*** DATA IN THIS EXERCISE ***

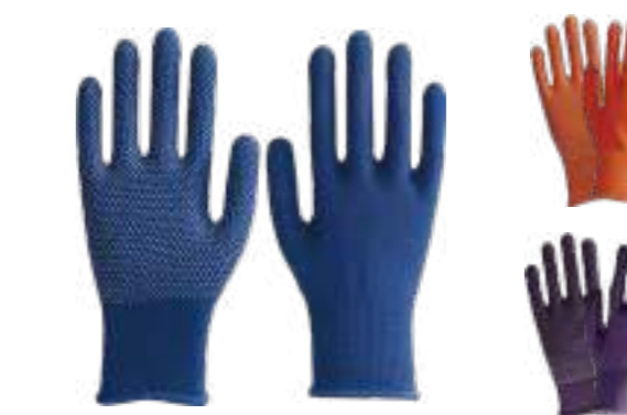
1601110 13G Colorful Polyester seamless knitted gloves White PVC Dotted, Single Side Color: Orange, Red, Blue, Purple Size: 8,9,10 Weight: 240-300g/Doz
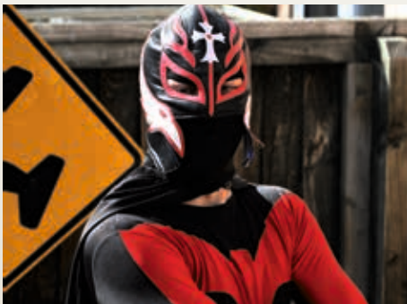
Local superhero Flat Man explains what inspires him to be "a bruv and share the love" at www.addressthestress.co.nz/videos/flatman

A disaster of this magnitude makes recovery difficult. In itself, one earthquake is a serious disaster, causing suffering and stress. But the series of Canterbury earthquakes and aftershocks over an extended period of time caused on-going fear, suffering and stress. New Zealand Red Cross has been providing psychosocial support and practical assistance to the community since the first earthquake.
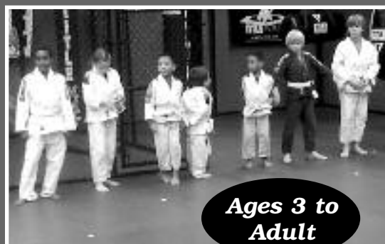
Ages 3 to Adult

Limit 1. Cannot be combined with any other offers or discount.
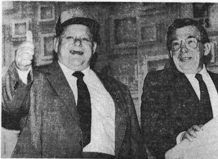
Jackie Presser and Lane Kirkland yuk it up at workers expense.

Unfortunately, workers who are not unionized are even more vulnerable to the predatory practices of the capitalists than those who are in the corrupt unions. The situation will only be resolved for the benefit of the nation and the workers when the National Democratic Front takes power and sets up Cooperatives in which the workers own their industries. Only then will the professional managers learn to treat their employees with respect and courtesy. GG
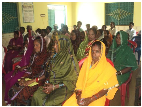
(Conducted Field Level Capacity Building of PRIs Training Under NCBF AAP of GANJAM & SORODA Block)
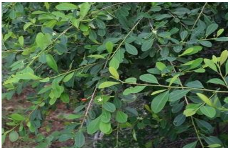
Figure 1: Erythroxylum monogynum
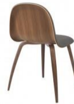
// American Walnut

*** End of DATA IN THIS EXERCISE ***
*** DATA IN THIS EXERCISE ***

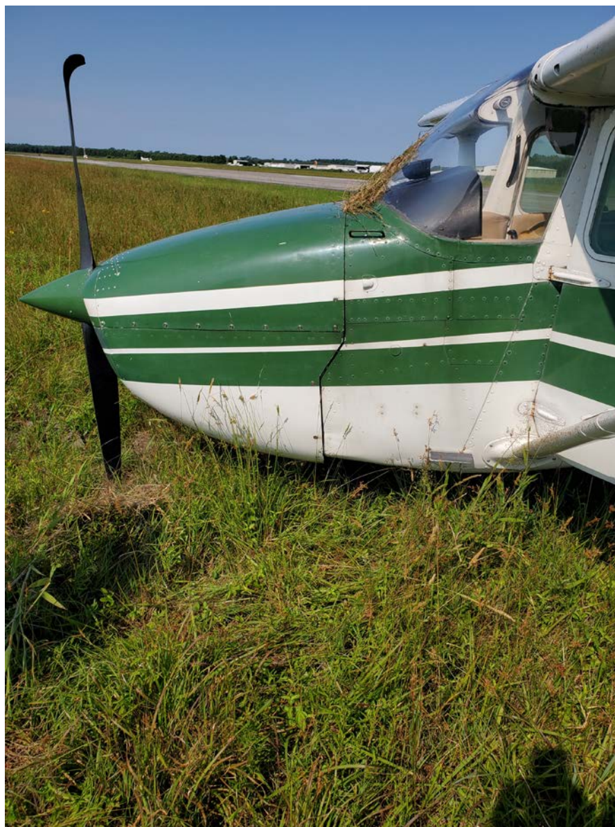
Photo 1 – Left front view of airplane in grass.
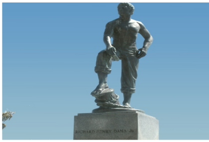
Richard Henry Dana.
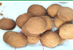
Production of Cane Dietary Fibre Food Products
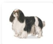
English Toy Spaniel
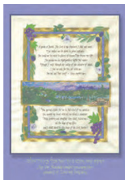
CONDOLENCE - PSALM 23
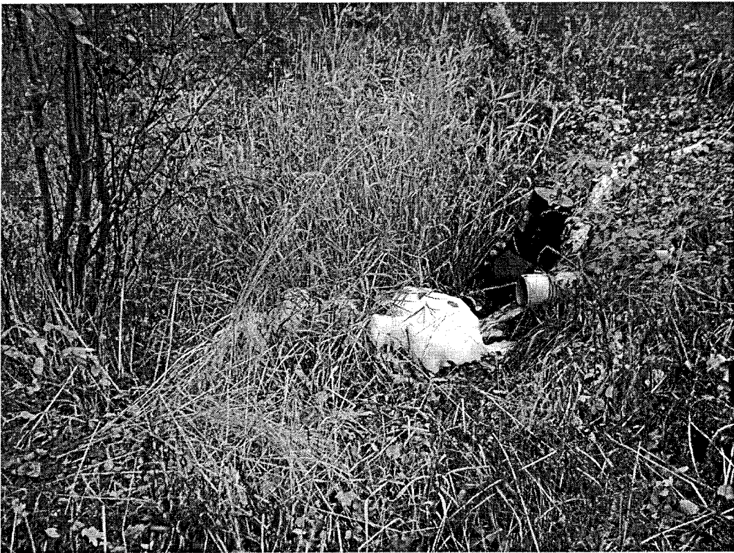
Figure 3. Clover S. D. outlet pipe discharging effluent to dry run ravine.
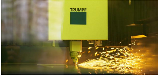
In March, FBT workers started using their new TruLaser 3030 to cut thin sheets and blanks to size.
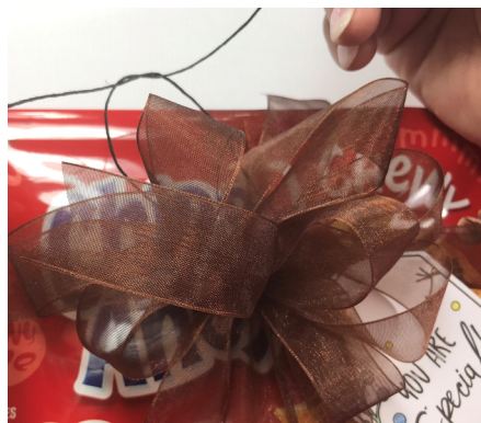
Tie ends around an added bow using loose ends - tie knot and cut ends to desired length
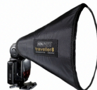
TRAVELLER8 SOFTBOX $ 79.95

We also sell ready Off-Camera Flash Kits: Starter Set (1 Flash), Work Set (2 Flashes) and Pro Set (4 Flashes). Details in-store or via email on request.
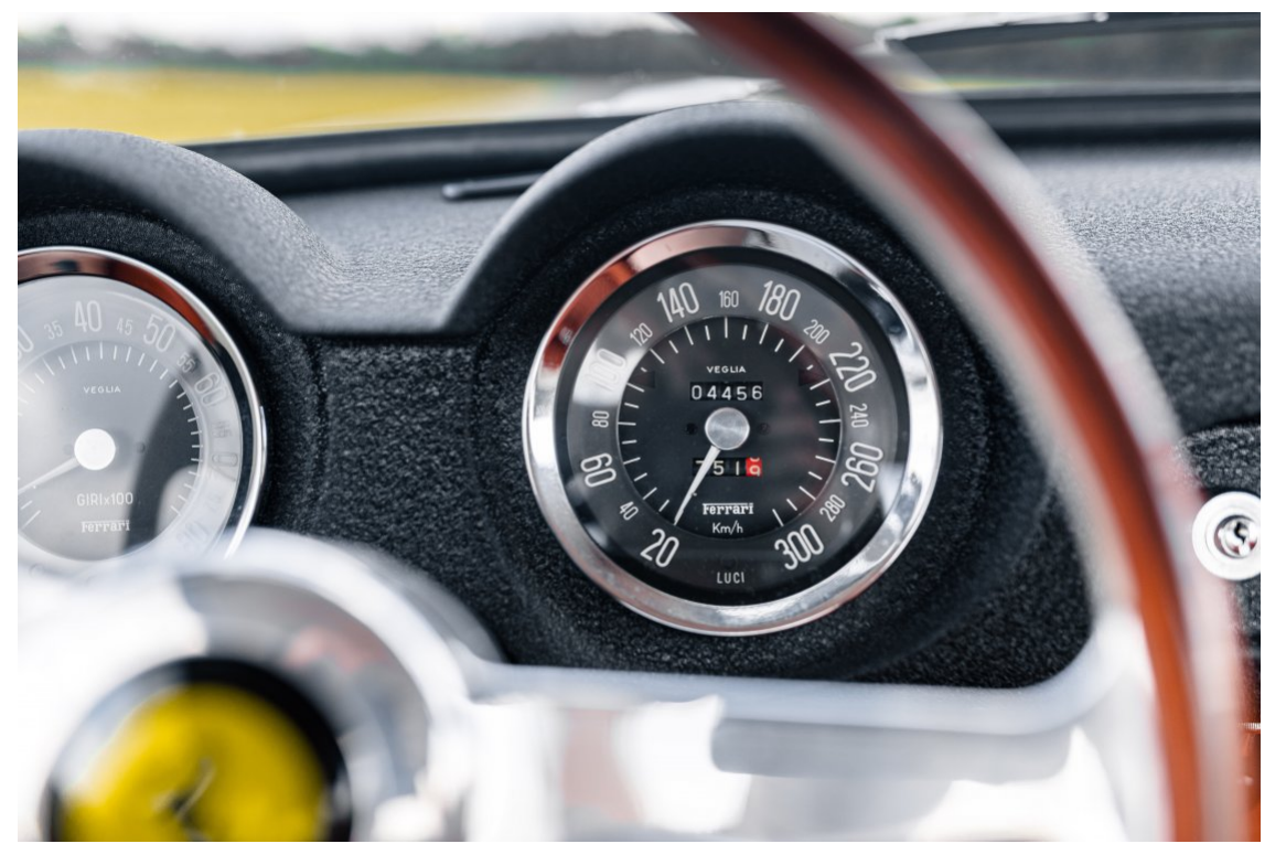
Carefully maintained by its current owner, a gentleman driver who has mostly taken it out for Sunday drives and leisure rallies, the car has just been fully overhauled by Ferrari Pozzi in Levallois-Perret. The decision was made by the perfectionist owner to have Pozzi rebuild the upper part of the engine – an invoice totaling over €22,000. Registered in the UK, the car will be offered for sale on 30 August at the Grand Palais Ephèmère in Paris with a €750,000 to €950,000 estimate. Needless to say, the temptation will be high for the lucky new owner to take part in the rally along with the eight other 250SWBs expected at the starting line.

*** End of DATA IN THIS EXERCISE ***

• **PROMPT**:
Would you restate, exactly and with no pictures, the lines of the entries above from the one containing "Figure 3. Clover" through the one containing "Carefully maintained by"?

• **TASK RESULT**:
Figure 3. Clover S. D. outlet pipe discharging effluent to dry run ravine.
In March, FBT workers started using their new TruLaser 3030 to cut thin sheets and blanks to size.
Tie ends around an added bow using loose ends - tie knot and cut ends to desired length
TRAVELLER8 SOFTBOX $ 79.95

We also sell ready Off-Camera Flash Kits: Starter Set (1 Flash), Work Set (2 Flashes) and Pro Set (4 Flashes). Details in-store or via email on request.
Carefully maintained by its current owner, a gentleman driver who has mostly taken it out for Sunday drives and leisure rallies, the car has just been fully overhauled by Ferrari Pozzi in Levallois-Perret. The decision was made by the perfectionist owner to have Pozzi rebuild the upper part of the engine – an invoice totaling over €22,000. Registered in the UK, the car will be offered for sale on 30 August at the Grand Palais Ephèmère in Paris with a €750,000 to €950,000 estimate. Needless to say, the temptation will be high for the lucky new owner to take part in the rally along with the eight other 250SWBs expected at the starting line.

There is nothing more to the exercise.